# Task objective
Only the text of the records, copied exactly, is wanted; no pictures.

(Collected data entries)
--
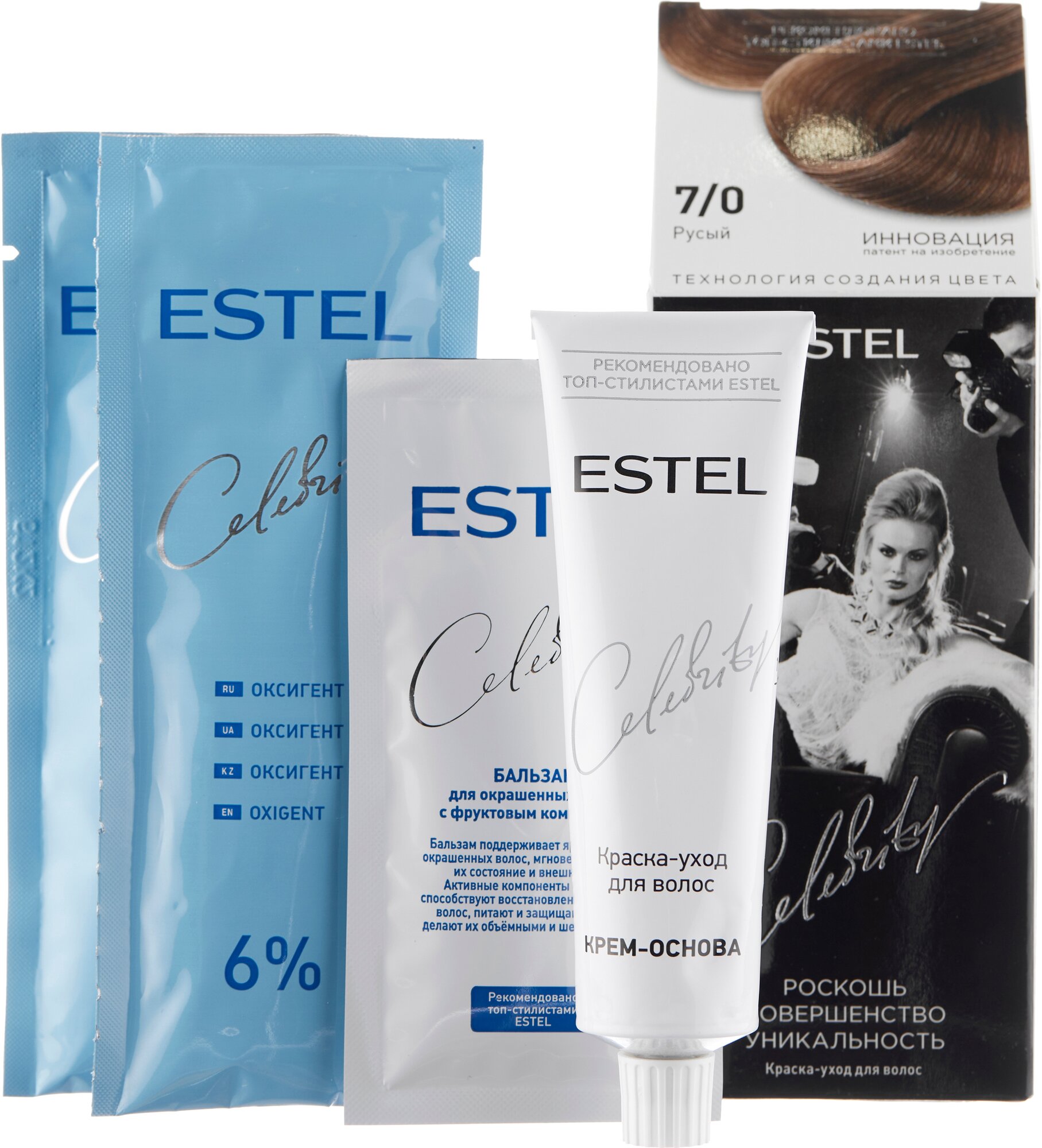 Ниже Вы можете прочитать отзывы на ESTEL Краска-уход для волос без аммиака "CELEBRITY", 7/0 Русый, 1 шт, ознакомится с подробными характеристиками, посмотреть интересные обзоры и фотографии на ESTEL Краска-уход для волос без аммиака "CELEBRITY", 7/0 Русый, 1 шт.
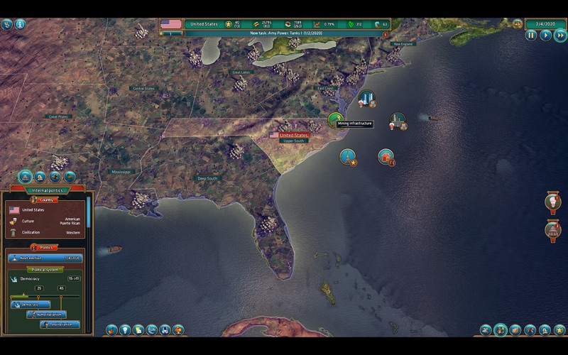 Realpolitiks is a streamlined real-time grand strategy game that allows you to become the leader of any contemporary nation. Dive deep into the issues of the modern world, with its current geopolitical borders, using your country’s power and economic strength to engage in military conflicts and international affairs. Choose your own method of coping with other nations' interests, unexpected events, global threats and various crises. Deal with the disintegration of the European Union, terrorism, the aftermath of World War III and many other real and fictional scenarios.
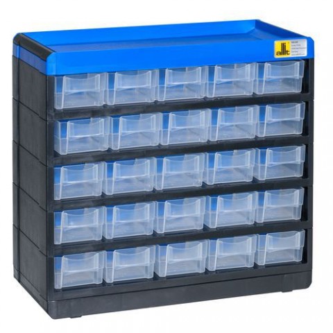 Plastové organizéry se zásuvkami řady VarioPlus Pro se vyznačují velmi robustním provedením. Vysoká stabilita díky přihrádkám z plastových profilů. Vysoká nosnost díky ocelovému obložení spodní části přihrádek. Zásuvky jsou zajištěny proti vypadnutí. Možnost čtyřbodové montáže na stěnu. Vhodné pro profesionální použití (např. pro skladování součástek a jiných dílů). Horní část organizéru vhodná např. pro odkládání nářadí. Dodáváno včetně děličů do zásuvek.Plastový organizér VarioPlus Pro 29/50, 25 zásuvek
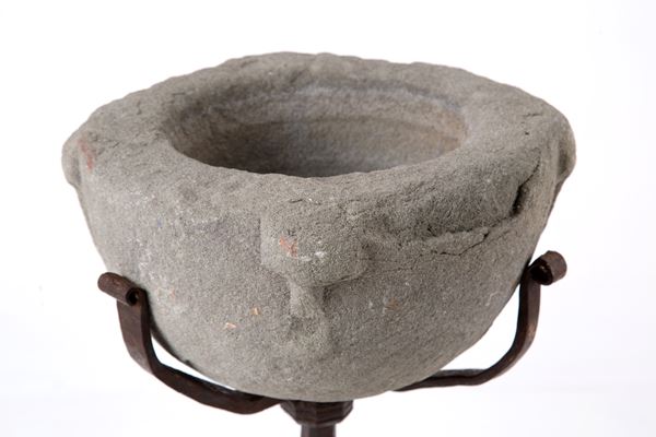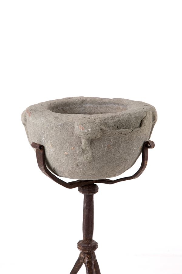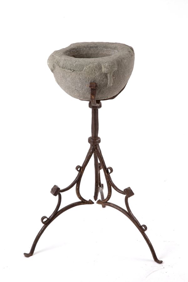Trespolo in ferro battuto con vasca in pietra. XVII secolo. Lievi difetti.
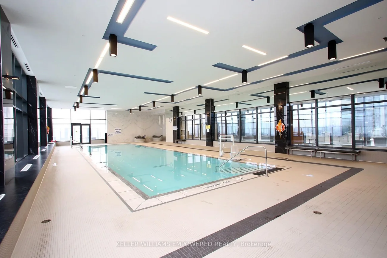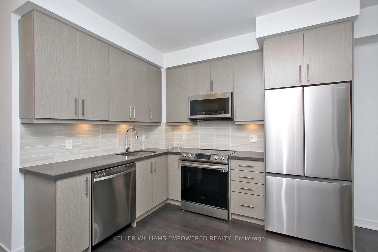 Welcome to this stunning 2-bedroom, 2-bathroom suite in a nearly new Pemberton-built residence, offering 770 sq ft of thoughtfully designed living space with a bright, open layout and premium finishes throughout. This split-bedroom floor plan provides excellent privacy and functionality, highlighted by 9-ft smooth ceilings, premium laminate flooring, and floor-to-ceiling windows that fill the home with natural light. The modern kitchen features sleek stone countertops and stainless steel Samsung appliances, seamlessly flowing into the combined living and dining area with walkout to a 100 sq ft balcony boasting unobstructed east-facing views. The spacious primary bedroom offers a large double closet and a stylish 3-piece ensuite with chic glass shower, while the second bedroom also features a double closet and easy access to the main bathroom with a full bathtub. Enjoy the convenience of 1 parking space and 1 locker. Residents have access to exceptional amenities including a long indoor pool with lounge area, theatre room, two party rooms, and an expansive outdoor terrace with BBQs. Located in a highly convenient area just minutes to Langstaff GO Station, Hwy 7, Hwy 407, Yonge Street, shops, restaurants, and Langstaff Community Centre & Park. Designated public schools include: Charles Howitt PS, Adrienne Clarkson PS (French Immersion), Langstaff SS, Alexander Mackenzie HS (IB Program). A fantastic opportunity to live in a vibrant and connected community!
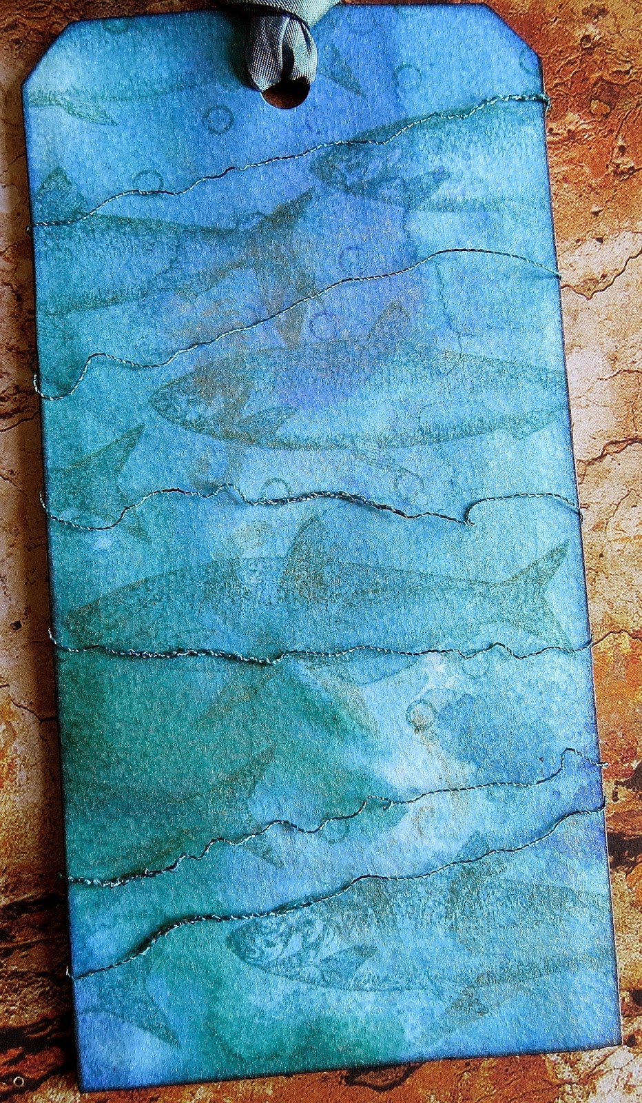 | The base of the tag is watercolour paper which was coloured with Dylusion ink sprays and Perfect Pearls spray. Images were then stamped using a variety of distress ink colours. Each fish was then enhanced using a watercolour pencil but no water. I love these pencils because they give such rich tones to the work - wet or dry. |
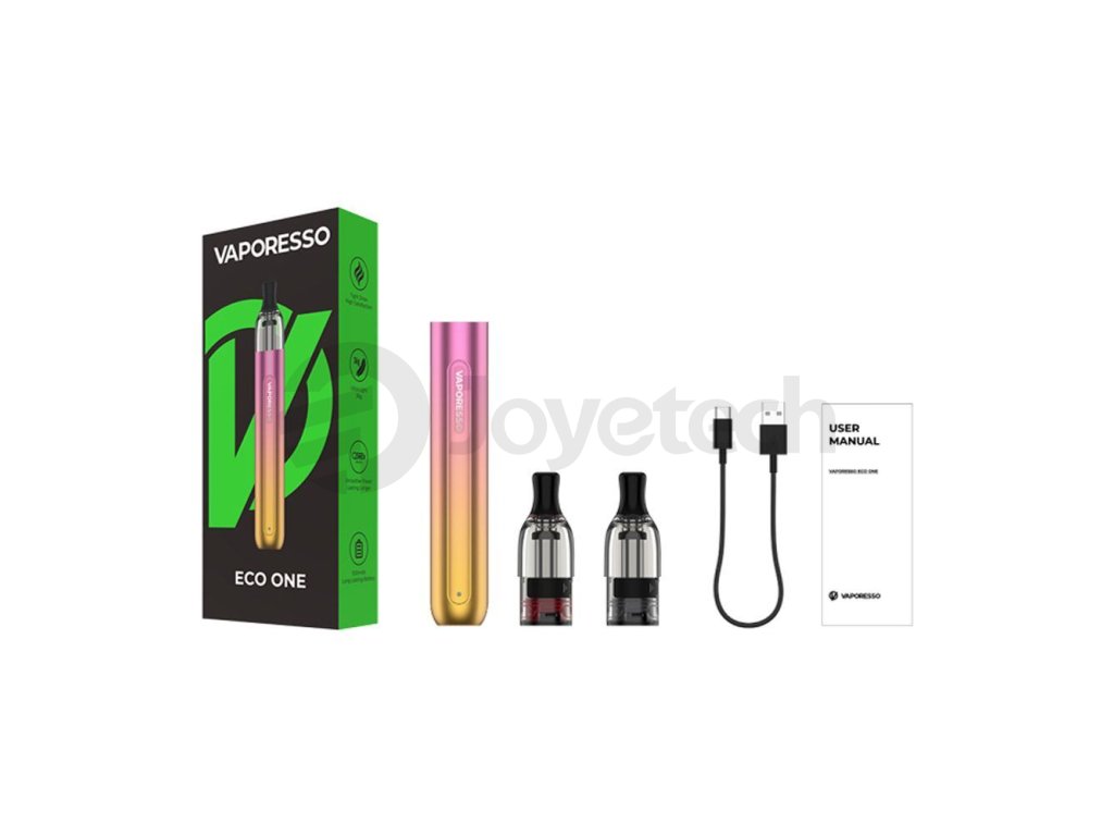 Přejděte na vaping rychle a snadno s modelem Vaporesso ECO ONE Pod Kit. Jedná se o ideální zařízení pro milovníky výrazné chuti ve spojení s příjemnou tuhostí potahu, která plně nahradí běžné cigarety a dodá uspokojující požitek při každém potahu. E-cigareta je vybavena oblíbenou technologií COREX pro plnou a výraznou chuť a integrovanou baterií s velkou kapacitou 1100 mAh pro dlouhou výdrž na jedno nabití. Díky kompaktním rozměrům, tradiční pen style konstrukci a jemnému náustku se silikonovým soft touch povrchem se při každém potahu přenesete do ráje.
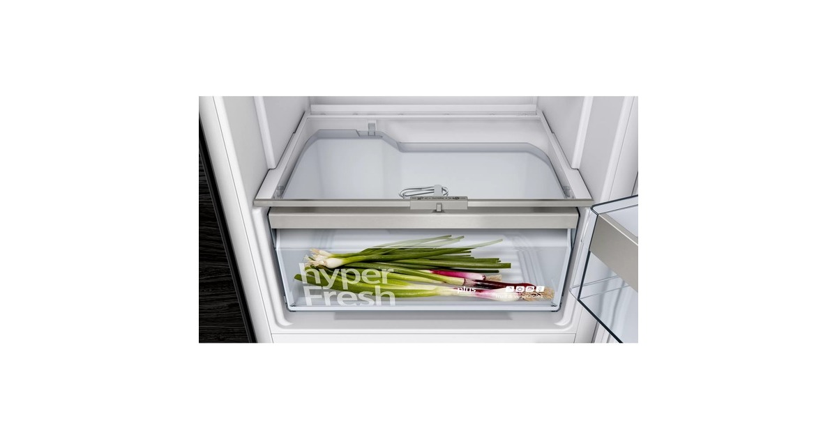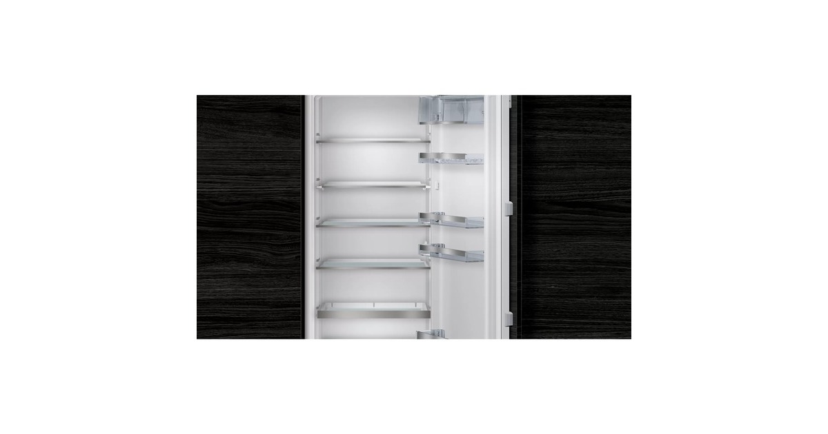 Der vollintegrierbare Kühlschrank Siemens KI51RADE0 stellt einen Gesamtnutzinhalt von 247 zur übersichtlichen Lagerung frischer Lebensmittel zur Verfügung. Ausgestattet ist er mit sechs Abstellflächen aus Sicherheitsglas, davon fünf höhenverstellbar und eine ausziehbar, fünf Türfächern, davon ein Butter-/Käsefach, sowie einer hyperFresh plus Box, die Obst und Gemüse bis zu zweimal länger frisch und knackig hält. Die intelligente Sensortechnik FreshSense sorgt im gesamten Kühlraum für eine konstante Temperatur und dank der softClosing-Tür ist der KI51RADE0 stets ordnungsgemäß und vollständig geschlossen. Mit der SuperKühlen-Funktion wird die Temperatur für eine eingestellte Zeit gesenkt, sodass beim Einlagern wärmerer Lebensmittel ein unerwünschter Temperaturanstieg bereits gekühlter Speisen verhindert wird.Art.-Nr.: 1665773
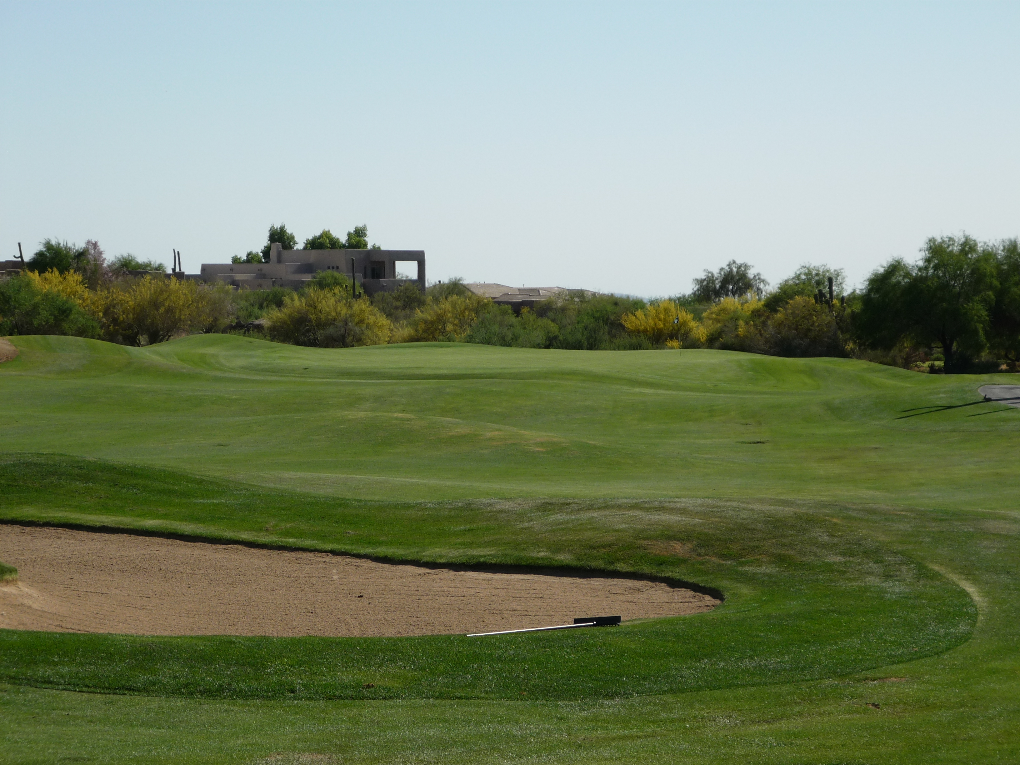 A pretty simple hole here unless you hit it 300+. Another sandy area bisects the fairway short of the green. For normal hitters, this is just a 200 yard shot from the tee. The green is guarded by a bunker on the right but is otherwise open.
--
# Exercise result
 Ниже Вы можете прочитать отзывы на ESTEL Краска-уход для волос без аммиака "CELEBRITY", 7/0 Русый, 1 шт, ознакомится с подробными характеристиками, посмотреть интересные обзоры и фотографии на ESTEL Краска-уход для волос без аммиака "CELEBRITY", 7/0 Русый, 1 шт.
 Realpolitiks is a streamlined real-time grand strategy game that allows you to become the leader of any contemporary nation. Dive deep into the issues of the modern world, with its current geopolitical borders, using your country’s power and economic strength to engage in military conflicts and international affairs. Choose your own method of coping with other nations' interests, unexpected events, global threats and various crises. Deal with the disintegration of the European Union, terrorism, the aftermath of World War III and many other real and fictional scenarios.
 Plastové organizéry se zásuvkami řady VarioPlus Pro se vyznačují velmi robustním provedením. Vysoká stabilita díky přihrádkám z plastových profilů. Vysoká nosnost díky ocelovému obložení spodní části přihrádek. Zásuvky jsou zajištěny proti vypadnutí. Možnost čtyřbodové montáže na stěnu. Vhodné pro profesionální použití (např. pro skladování součástek a jiných dílů). Horní část organizéru vhodná např. pro odkládání nářadí. Dodáváno včetně děličů do zásuvek.Plastový organizér VarioPlus Pro 29/50, 25 zásuvek
Trespolo in ferro battuto con vasca in pietra. XVII secolo. Lievi difetti.
 Welcome to this stunning 2-bedroom, 2-bathroom suite in a nearly new Pemberton-built residence, offering 770 sq ft of thoughtfully designed living space with a bright, open layout and premium finishes throughout. This split-bedroom floor plan provides excellent privacy and functionality, highlighted by 9-ft smooth ceilings, premium laminate flooring, and floor-to-ceiling windows that fill the home with natural light. The modern kitchen features sleek stone countertops and stainless steel Samsung appliances, seamlessly flowing into the combined living and dining area with walkout to a 100 sq ft balcony boasting unobstructed east-facing views. The spacious primary bedroom offers a large double closet and a stylish 3-piece ensuite with chic glass shower, while the second bedroom also features a double closet and easy access to the main bathroom with a full bathtub. Enjoy the convenience of 1 parking space and 1 locker. Residents have access to exceptional amenities including a long indoor pool with lounge area, theatre room, two party rooms, and an expansive outdoor terrace with BBQs. Located in a highly convenient area just minutes to Langstaff GO Station, Hwy 7, Hwy 407, Yonge Street, shops, restaurants, and Langstaff Community Centre & Park. Designated public schools include: Charles Howitt PS, Adrienne Clarkson PS (French Immersion), Langstaff SS, Alexander Mackenzie HS (IB Program). A fantastic opportunity to live in a vibrant and connected community!
 | The base of the tag is watercolour paper which was coloured with Dylusion ink sprays and Perfect Pearls spray. Images were then stamped using a variety of distress ink colours. Each fish was then enhanced using a watercolour pencil but no water. I love these pencils because they give such rich tones to the work - wet or dry. |
 Přejděte na vaping rychle a snadno s modelem Vaporesso ECO ONE Pod Kit. Jedná se o ideální zařízení pro milovníky výrazné chuti ve spojení s příjemnou tuhostí potahu, která plně nahradí běžné cigarety a dodá uspokojující požitek při každém potahu. E-cigareta je vybavena oblíbenou technologií COREX pro plnou a výraznou chuť a integrovanou baterií s velkou kapacitou 1100 mAh pro dlouhou výdrž na jedno nabití. Díky kompaktním rozměrům, tradiční pen style konstrukci a jemnému náustku se silikonovým soft touch povrchem se při každém potahu přenesete do ráje.
 Der vollintegrierbare Kühlschrank Siemens KI51RADE0 stellt einen Gesamtnutzinhalt von 247 zur übersichtlichen Lagerung frischer Lebensmittel zur Verfügung. Ausgestattet ist er mit sechs Abstellflächen aus Sicherheitsglas, davon fünf höhenverstellbar und eine ausziehbar, fünf Türfächern, davon ein Butter-/Käsefach, sowie einer hyperFresh plus Box, die Obst und Gemüse bis zu zweimal länger frisch und knackig hält. Die intelligente Sensortechnik FreshSense sorgt im gesamten Kühlraum für eine konstante Temperatur und dank der softClosing-Tür ist der KI51RADE0 stets ordnungsgemäß und vollständig geschlossen. Mit der SuperKühlen-Funktion wird die Temperatur für eine eingestellte Zeit gesenkt, sodass beim Einlagern wärmerer Lebensmittel ein unerwünschter Temperaturanstieg bereits gekühlter Speisen verhindert wird.Art.-Nr.: 1665773
 A pretty simple hole here unless you hit it 300+. Another sandy area bisects the fairway short of the green. For normal hitters, this is just a 200 yard shot from the tee. The green is guarded by a bunker on the right but is otherwise open.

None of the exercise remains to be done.